• _REQUIRED ACTION_
Your copy of the data should match it exactly, except that the pictures are gone.

• _DATA BLOCK_
◆ ◆ ◆ ◆
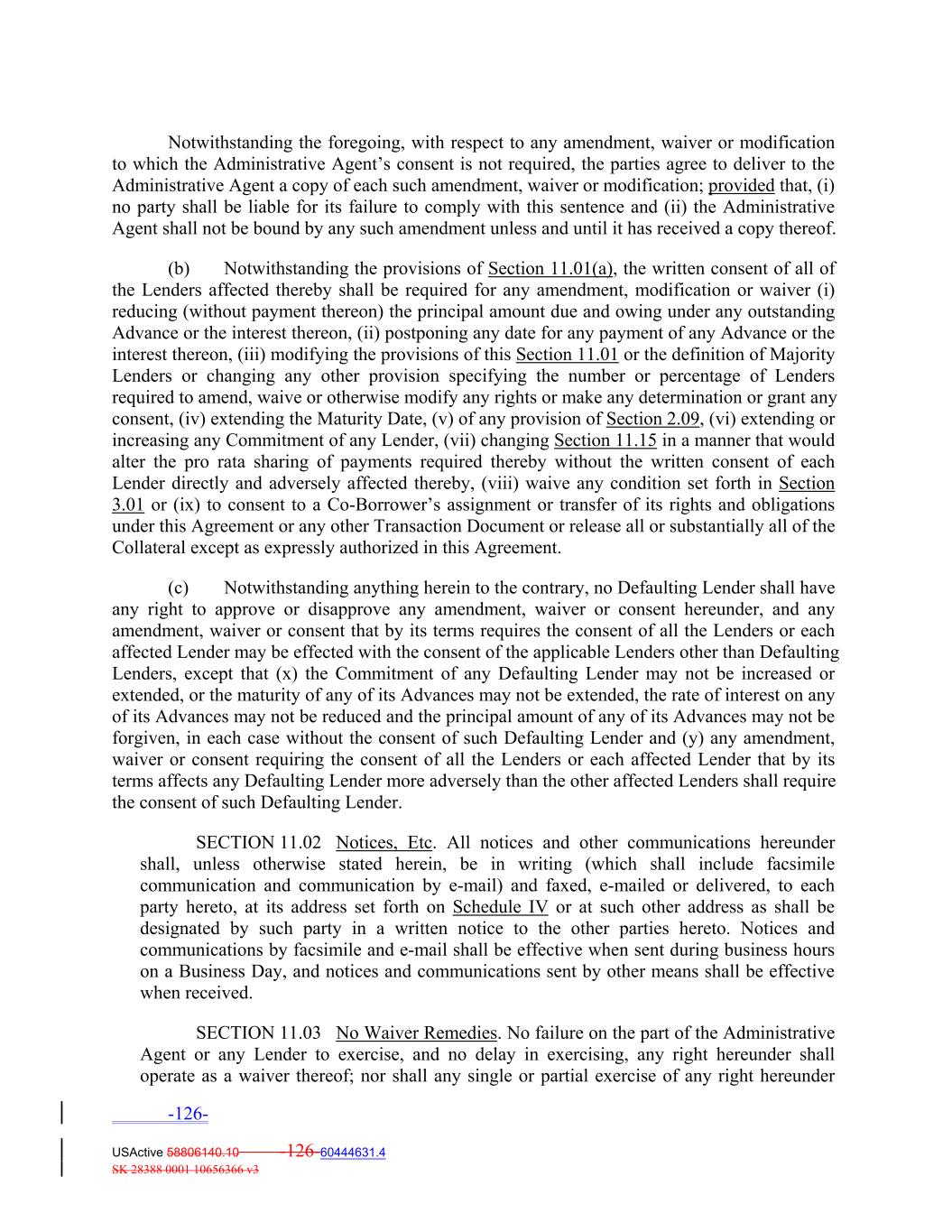Notwithstanding the foregoing, with respect to any amendment, waiver or modification to which the Administrative Agent’s consent is not required, the parties agree to deliver to the Administrative Agent a copy of each such amendment, waiver or modification; provided that, (i) no party shall be liable for its failure to comply with this sentence and (ii) the Administrative Agent shall not be bound by any such amendment unless and until it has received a copy thereof. (b) Notwithstanding the provisions of Section 11.01(a), the written consent of all of the Lenders affected thereby shall be required for any amendment, modification or waiver (i) reducing (without payment thereon) the principal amount due and owing under any outstanding Advance or the interest thereon, (ii) postponing any date for any payment of any Advance or the interest thereon, (iii) modifying the provisions of this Section 11.01 or the definition of Majority Lenders or changing any other provision specifying the number or percentage of Lenders required to amend, waive or otherwise modify any rights or make any determination or grant any consent, (iv) extending the Maturity Date, (v) of any provision of Section 2.09, (vi) extending or increasing any Commitment of any Lender, (vii) changing Section 11.15 in a manner that would alter the pro rata sharing of payments required thereby without the written consent of each Lender directly and adversely affected thereby, (viii) waive any condition set forth in Section 3.01 or (ix) to consent to a Co‐Borrower’s assignment or transfer of its rights and obligations under this Agreement or any other Transaction Document or release all or substantially all of the Collateral except as expressly authorized in this Agreement. (c) Notwithstanding anything herein to the contrary, no Defaulting Lender shall have any right to approve or disapprove any amendment, waiver or consent hereunder, and any amendment, waiver or consent that by its terms requires the consent of all the Lenders or each affected Lender may be effected with the consent of the applicable Lenders other than Defaulting Lenders, except that (x) the Commitment of any Defaulting Lender may not be increased or extended, or the maturity of any of its Advances may not be extended, the rate of interest on any of its Advances may not be reduced and the principal amount of any of its Advances may not be forgiven, in each case without the consent of such Defaulting Lender and (y) any amendment, waiver or consent requiring the consent of all the Lenders or each affected Lender that by its terms affects any Defaulting Lender more adversely than the other affected Lenders shall require the consent of such Defaulting Lender. SECTION 11.02 Notices, Etc. All notices and other communications hereunder shall, unless otherwise stated herein, be in writing (which shall include facsimile communication and communication by e‐mail) and faxed, e‐mailed or delivered, to each party hereto, at its address set forth on Schedule IV or at such other address as shall be designated by such party in a written notice to the other parties hereto. Notices and communications by facsimile and e‐mail shall be effective when sent during business hours on a Business Day, and notices and communications sent by other means shall be effective when received. SECTION 11.03 No Waiver Remedies. No failure on the part of the Administrative Agent or any Lender to exercise, and no delay in exercising, any right hereunder shall operate as a waiver thereof; nor shall any single or partial exercise of any right hereunder -126- USActive 58806140.10 -126-60444631.4 SK 28388 0001 10656366 v3
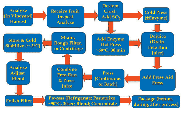 Figure 12.1 illustrates a generalized flowchart for grape juice production. There are several options for juice extraction and subsequent treatment. Methods for commercial preparation of grape juice have undergone continuous change. In most commercial operations, the continuous pressing method is used. Hot pressing is appropriate for deeply pigmented grapes where maximum colour extraction is desired. Whereas, the immediate or cold press procedure is necessary to maintain the initial colour of light coloured grapes.
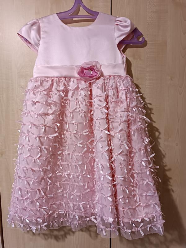 Гарна сукня на дівчинку 4-5-6 років (дивіться виміри), рожевого кольору. Напівоб'єм грудей-31, довжина до пояса 20, після пояса-45.Стан нового
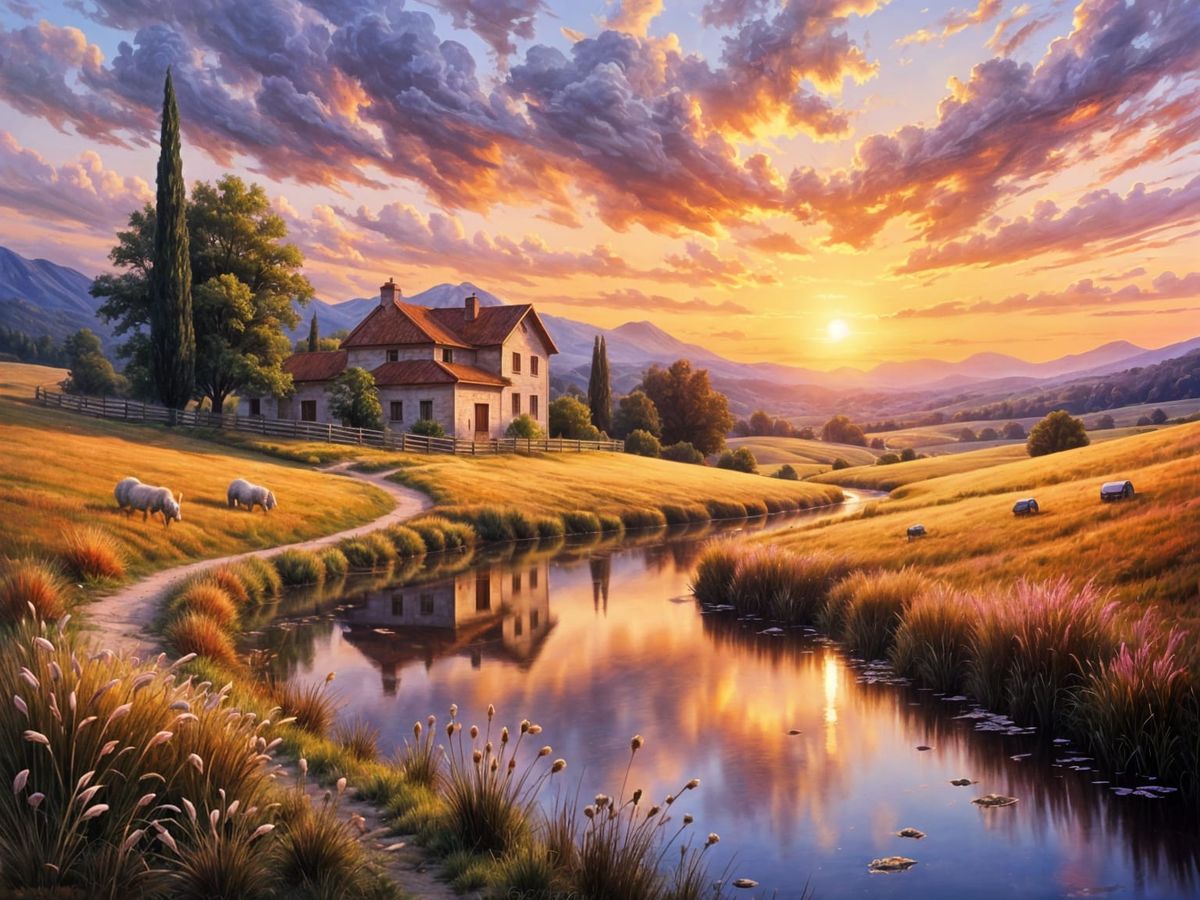 A painterly oil realism image of a European countryside at sunset. Features a vibrant, saturated horizon with reflections in a still pond, rolling hills, and a rustic farmhouse.
◆ ◆ ◆ ◆
• _SOLUTION TO THIS PROBLEM_
Notwithstanding the foregoing, with respect to any amendment, waiver or modification to which the Administrative Agent’s consent is not required, the parties agree to deliver to the Administrative Agent a copy of each such amendment, waiver or modification; provided that, (i) no party shall be liable for its failure to comply with this sentence and (ii) the Administrative Agent shall not be bound by any such amendment unless and until it has received a copy thereof. (b) Notwithstanding the provisions of Section 11.01(a), the written consent of all of the Lenders affected thereby shall be required for any amendment, modification or waiver (i) reducing (without payment thereon) the principal amount due and owing under any outstanding Advance or the interest thereon, (ii) postponing any date for any payment of any Advance or the interest thereon, (iii) modifying the provisions of this Section 11.01 or the definition of Majority Lenders or changing any other provision specifying the number or percentage of Lenders required to amend, waive or otherwise modify any rights or make any determination or grant any consent, (iv) extending the Maturity Date, (v) of any provision of Section 2.09, (vi) extending or increasing any Commitment of any Lender, (vii) changing Section 11.15 in a manner that would alter the pro rata sharing of payments required thereby without the written consent of each Lender directly and adversely affected thereby, (viii) waive any condition set forth in Section 3.01 or (ix) to consent to a Co‐Borrower’s assignment or transfer of its rights and obligations under this Agreement or any other Transaction Document or release all or substantially all of the Collateral except as expressly authorized in this Agreement. (c) Notwithstanding anything herein to the contrary, no Defaulting Lender shall have any right to approve or disapprove any amendment, waiver or consent hereunder, and any amendment, waiver or consent that by its terms requires the consent of all the Lenders or each affected Lender may be effected with the consent of the applicable Lenders other than Defaulting Lenders, except that (x) the Commitment of any Defaulting Lender may not be increased or extended, or the maturity of any of its Advances may not be extended, the rate of interest on any of its Advances may not be reduced and the principal amount of any of its Advances may not be forgiven, in each case without the consent of such Defaulting Lender and (y) any amendment, waiver or consent requiring the consent of all the Lenders or each affected Lender that by its terms affects any Defaulting Lender more adversely than the other affected Lenders shall require the consent of such Defaulting Lender. SECTION 11.02 Notices, Etc. All notices and other communications hereunder shall, unless otherwise stated herein, be in writing (which shall include facsimile communication and communication by e‐mail) and faxed, e‐mailed or delivered, to each party hereto, at its address set forth on Schedule IV or at such other address as shall be designated by such party in a written notice to the other parties hereto. Notices and communications by facsimile and e‐mail shall be effective when sent during business hours on a Business Day, and notices and communications sent by other means shall be effective when received. SECTION 11.03 No Waiver Remedies. No failure on the part of the Administrative Agent or any Lender to exercise, and no delay in exercising, any right hereunder shall operate as a waiver thereof; nor shall any single or partial exercise of any right hereunder -126- USActive 58806140.10 -126-60444631.4 SK 28388 0001 10656366 v3
 Figure 12.1 illustrates a generalized flowchart for grape juice production. There are several options for juice extraction and subsequent treatment. Methods for commercial preparation of grape juice have undergone continuous change. In most commercial operations, the continuous pressing method is used. Hot pressing is appropriate for deeply pigmented grapes where maximum colour extraction is desired. Whereas, the immediate or cold press procedure is necessary to maintain the initial colour of light coloured grapes.
 Гарна сукня на дівчинку 4-5-6 років (дивіться виміри), рожевого кольору. Напівоб'єм грудей-31, довжина до пояса 20, після пояса-45.Стан нового
 A painterly oil realism image of a European countryside at sunset. Features a vibrant, saturated horizon with reflections in a still pond, rolling hills, and a rustic farmhouse.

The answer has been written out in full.